__EXERCISE OBJECTIVE__
An exact reproduction of the records is required, with all pictures omitted.

[Items listed in a dataset]
● ● ● ● ●

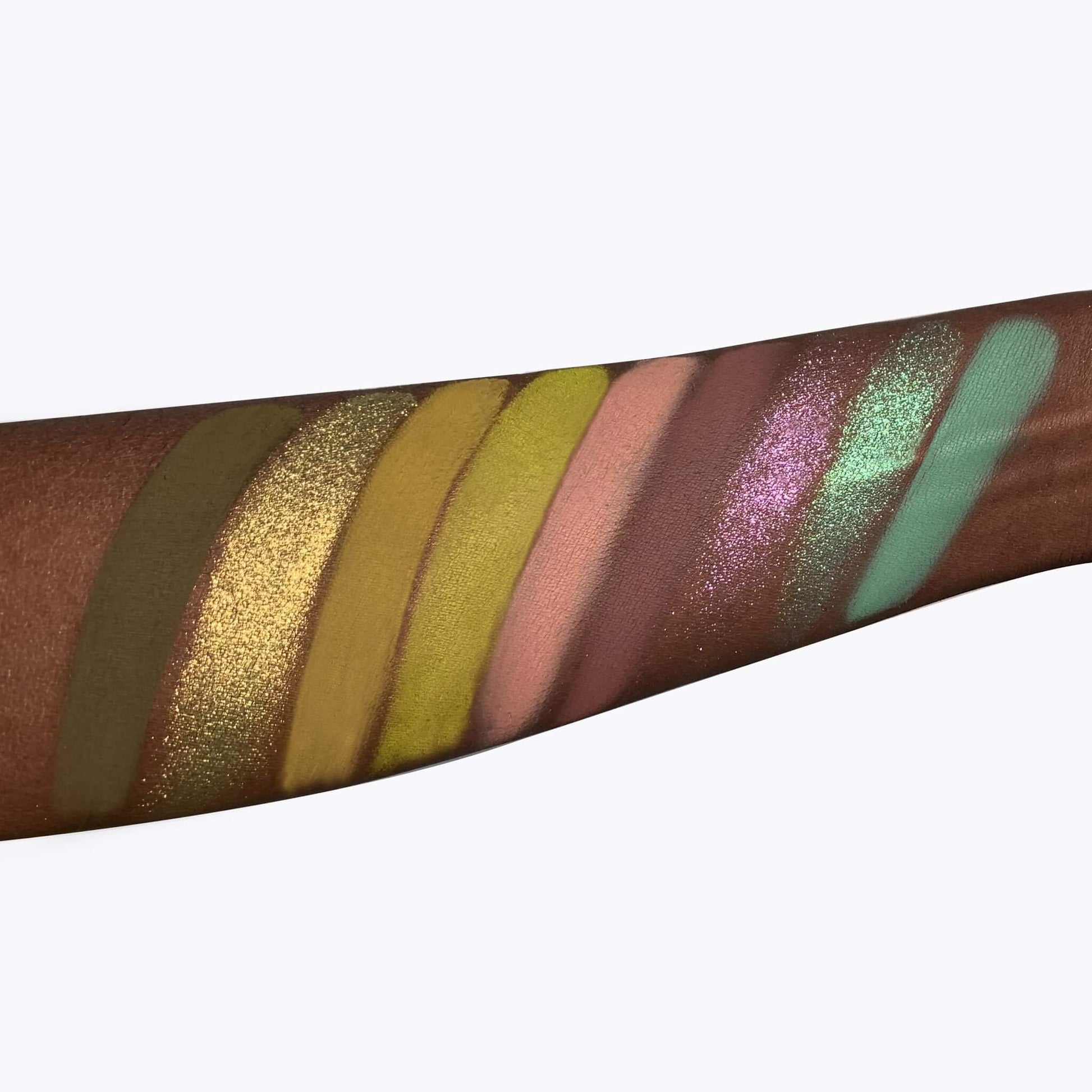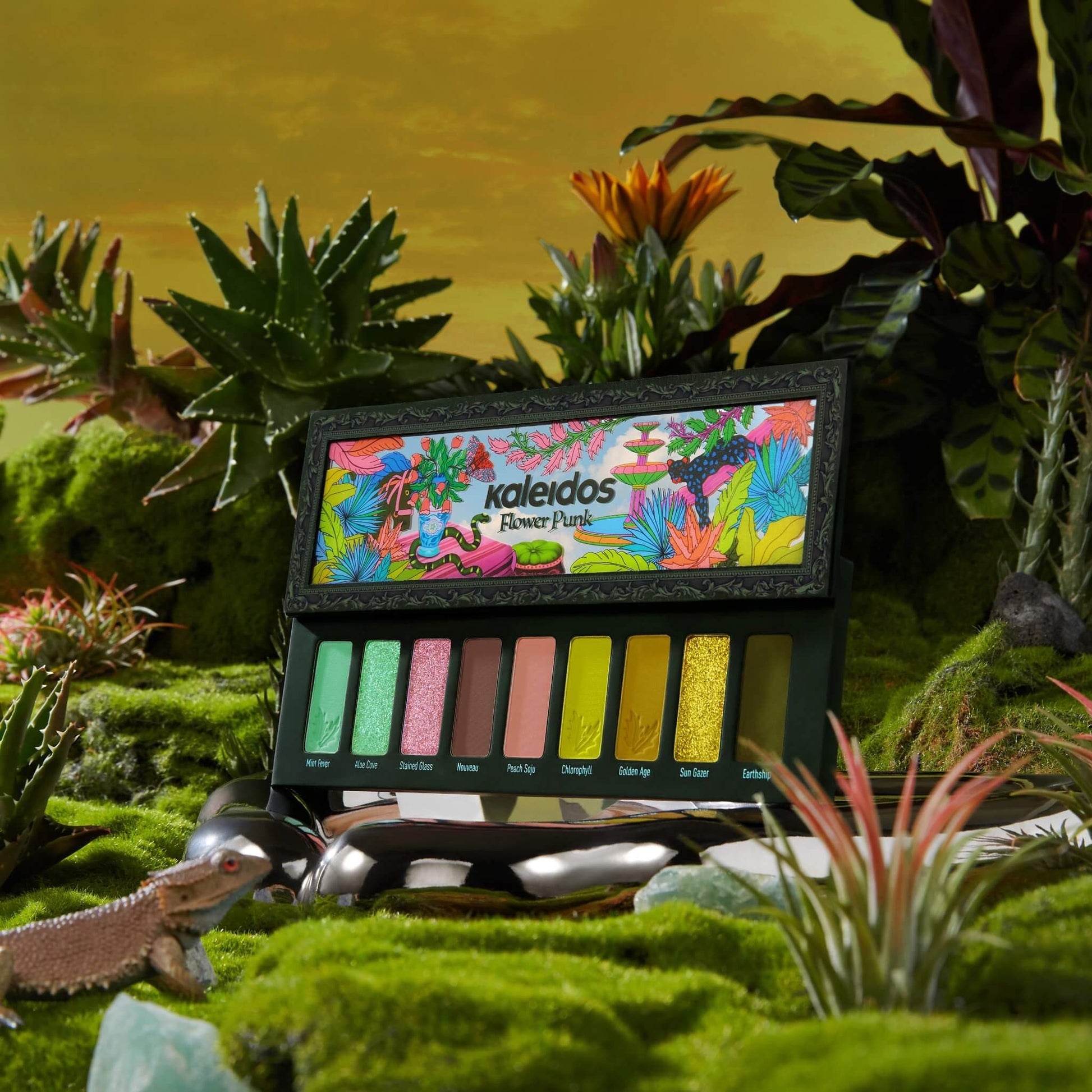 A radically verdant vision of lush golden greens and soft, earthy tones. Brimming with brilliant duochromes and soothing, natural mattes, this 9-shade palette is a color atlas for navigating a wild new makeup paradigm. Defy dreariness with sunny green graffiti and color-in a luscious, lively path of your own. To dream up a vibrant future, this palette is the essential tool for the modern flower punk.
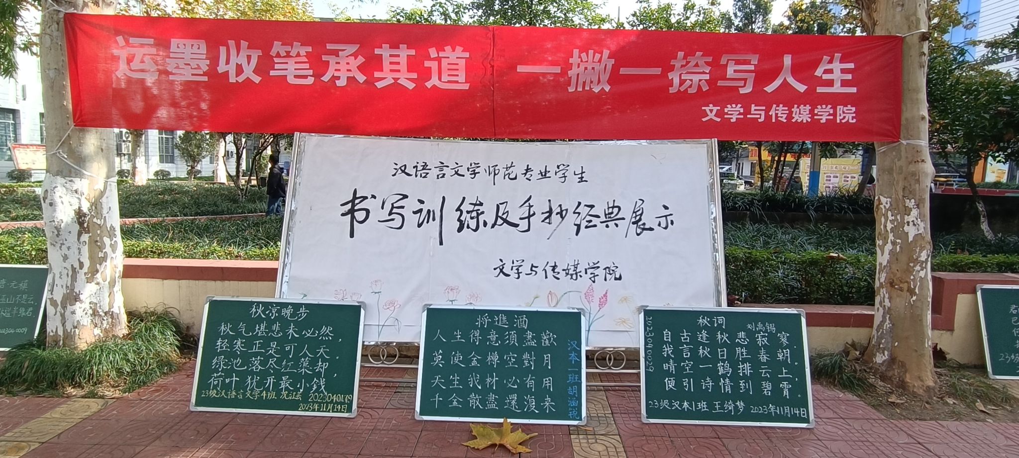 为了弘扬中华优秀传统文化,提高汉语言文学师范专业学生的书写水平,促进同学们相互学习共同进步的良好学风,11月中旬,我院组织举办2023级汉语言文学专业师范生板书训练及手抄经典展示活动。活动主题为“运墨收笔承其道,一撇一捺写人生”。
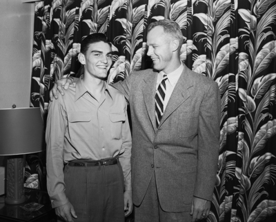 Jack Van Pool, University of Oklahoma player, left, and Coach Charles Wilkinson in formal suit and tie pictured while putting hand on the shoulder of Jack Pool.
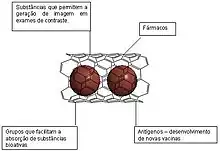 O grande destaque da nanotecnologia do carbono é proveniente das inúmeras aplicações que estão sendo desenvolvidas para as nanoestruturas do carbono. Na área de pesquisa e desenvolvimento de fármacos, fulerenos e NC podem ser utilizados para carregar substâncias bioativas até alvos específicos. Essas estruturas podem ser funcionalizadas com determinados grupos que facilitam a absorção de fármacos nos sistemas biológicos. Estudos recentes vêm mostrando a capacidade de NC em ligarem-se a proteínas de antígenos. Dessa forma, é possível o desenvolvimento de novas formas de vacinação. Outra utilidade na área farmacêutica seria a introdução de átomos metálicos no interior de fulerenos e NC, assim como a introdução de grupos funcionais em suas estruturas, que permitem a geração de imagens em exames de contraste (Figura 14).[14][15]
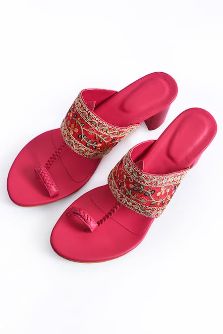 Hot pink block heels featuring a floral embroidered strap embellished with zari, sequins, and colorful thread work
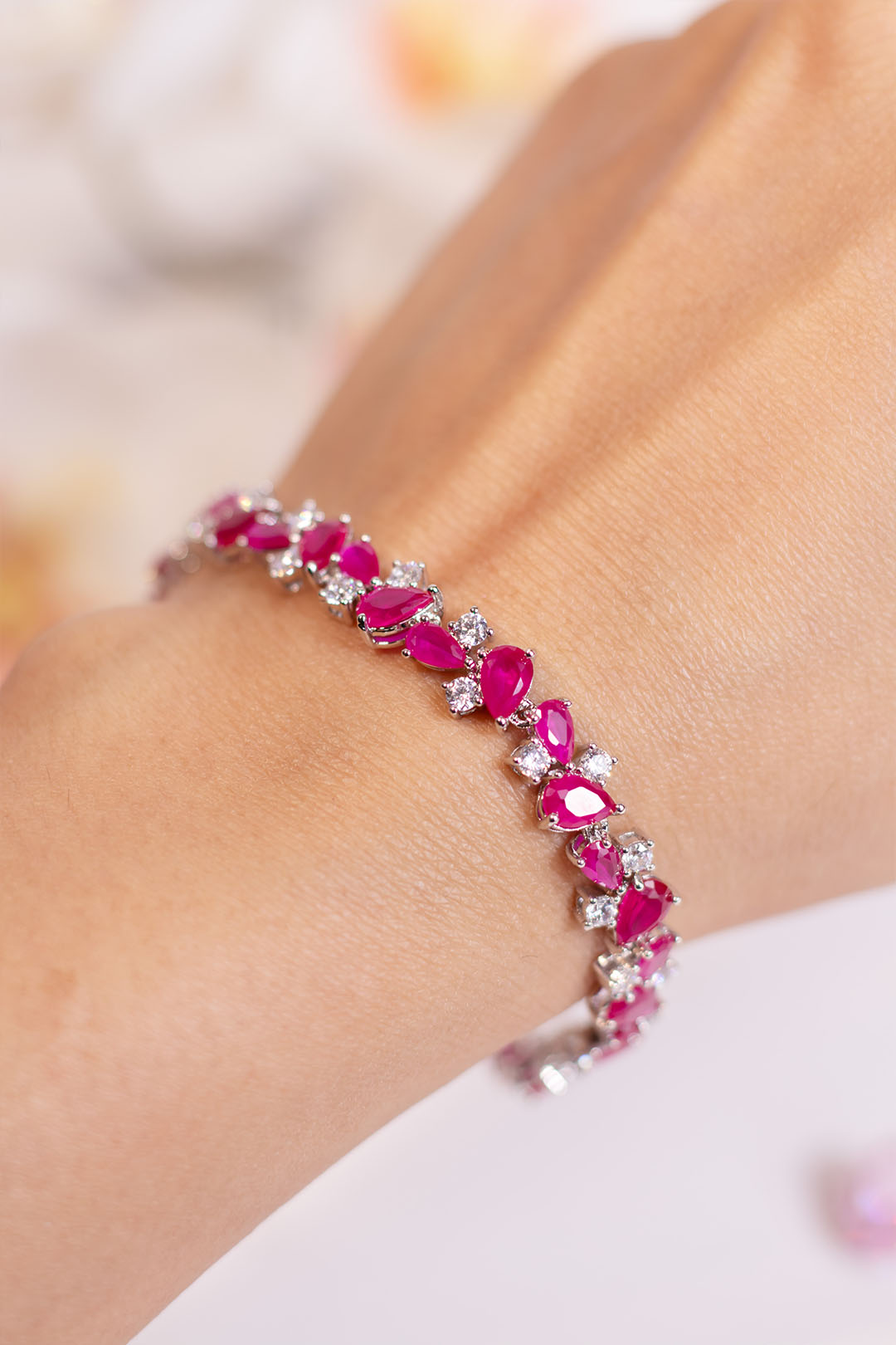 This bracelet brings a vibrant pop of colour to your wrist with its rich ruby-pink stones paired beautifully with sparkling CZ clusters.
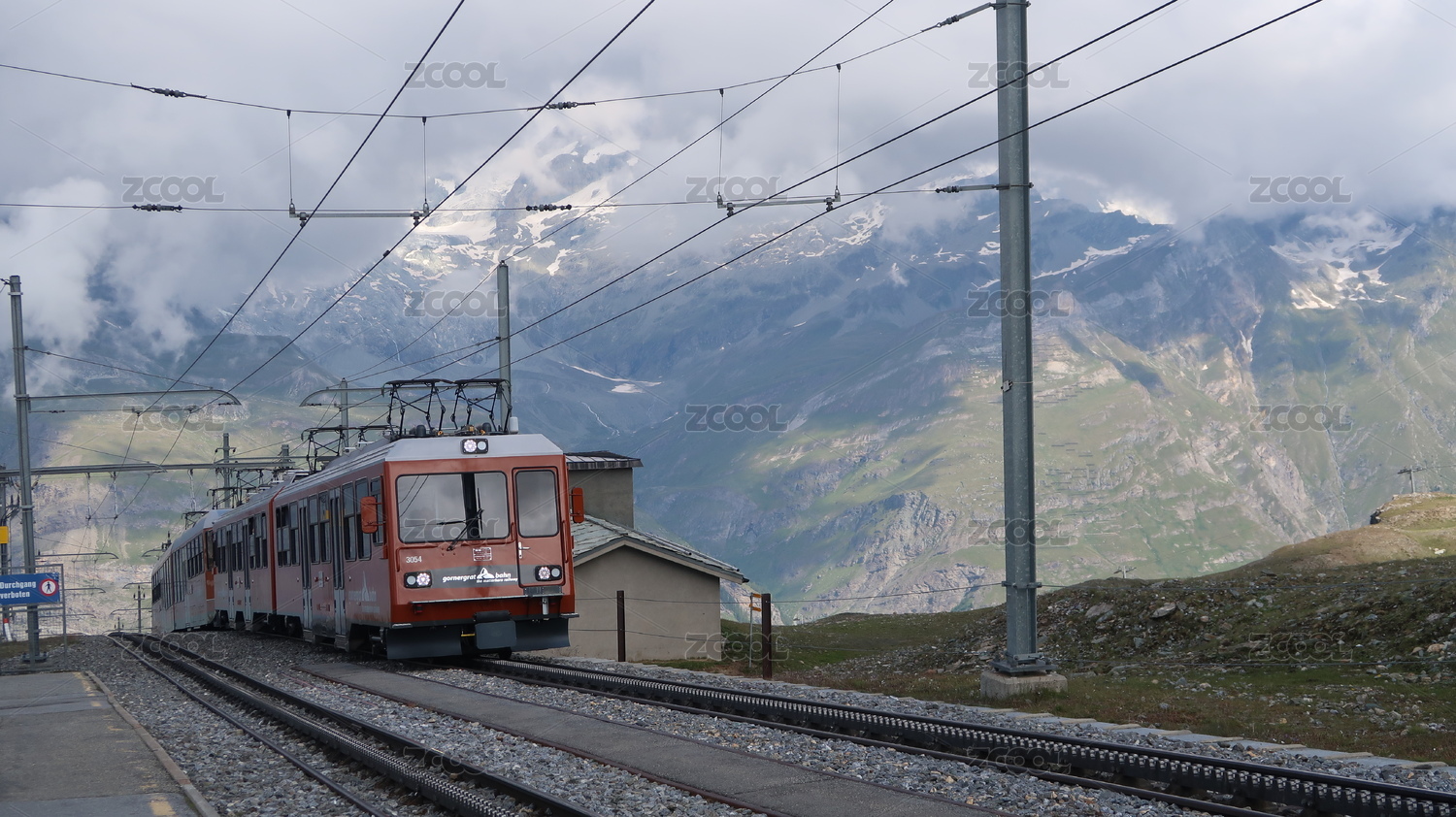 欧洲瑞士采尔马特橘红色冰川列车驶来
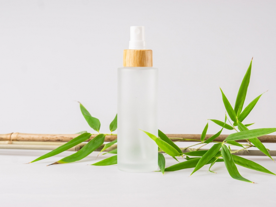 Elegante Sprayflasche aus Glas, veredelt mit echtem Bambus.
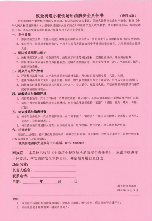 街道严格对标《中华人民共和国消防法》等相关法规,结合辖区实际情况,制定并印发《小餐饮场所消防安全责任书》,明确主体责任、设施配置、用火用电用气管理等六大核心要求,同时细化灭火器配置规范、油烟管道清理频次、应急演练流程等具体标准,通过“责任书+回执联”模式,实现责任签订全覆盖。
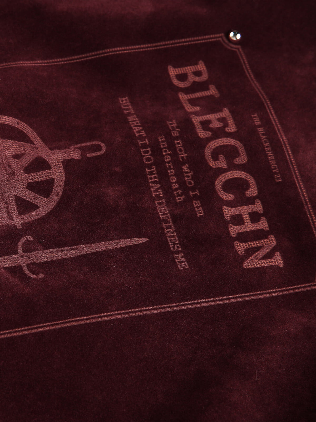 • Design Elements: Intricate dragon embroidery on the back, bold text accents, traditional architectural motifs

● ● ● ● ●

__TASK RESPONSE__
 A radically verdant vision of lush golden greens and soft, earthy tones. Brimming with brilliant duochromes and soothing, natural mattes, this 9-shade palette is a color atlas for navigating a wild new makeup paradigm. Defy dreariness with sunny green graffiti and color-in a luscious, lively path of your own. To dream up a vibrant future, this palette is the essential tool for the modern flower punk.
 为了弘扬中华优秀传统文化,提高汉语言文学师范专业学生的书写水平,促进同学们相互学习共同进步的良好学风,11月中旬,我院组织举办2023级汉语言文学专业师范生板书训练及手抄经典展示活动。活动主题为“运墨收笔承其道,一撇一捺写人生”。
 Jack Van Pool, University of Oklahoma player, left, and Coach Charles Wilkinson in formal suit and tie pictured while putting hand on the shoulder of Jack Pool.
 O grande destaque da nanotecnologia do carbono é proveniente das inúmeras aplicações que estão sendo desenvolvidas para as nanoestruturas do carbono. Na área de pesquisa e desenvolvimento de fármacos, fulerenos e NC podem ser utilizados para carregar substâncias bioativas até alvos específicos. Essas estruturas podem ser funcionalizadas com determinados grupos que facilitam a absorção de fármacos nos sistemas biológicos. Estudos recentes vêm mostrando a capacidade de NC em ligarem-se a proteínas de antígenos. Dessa forma, é possível o desenvolvimento de novas formas de vacinação. Outra utilidade na área farmacêutica seria a introdução de átomos metálicos no interior de fulerenos e NC, assim como a introdução de grupos funcionais em suas estruturas, que permitem a geração de imagens em exames de contraste (Figura 14).[14][15]
 Hot pink block heels featuring a floral embroidered strap embellished with zari, sequins, and colorful thread work
 This bracelet brings a vibrant pop of colour to your wrist with its rich ruby-pink stones paired beautifully with sparkling CZ clusters.
 欧洲瑞士采尔马特橘红色冰川列车驶来
 Elegante Sprayflasche aus Glas, veredelt mit echtem Bambus.
 街道严格对标《中华人民共和国消防法》等相关法规,结合辖区实际情况,制定并印发《小餐饮场所消防安全责任书》,明确主体责任、设施配置、用火用电用气管理等六大核心要求,同时细化灭火器配置规范、油烟管道清理频次、应急演练流程等具体标准,通过“责任书+回执联”模式,实现责任签订全覆盖。
 • Design Elements: Intricate dragon embroidery on the back, bold text accents, traditional architectural motifs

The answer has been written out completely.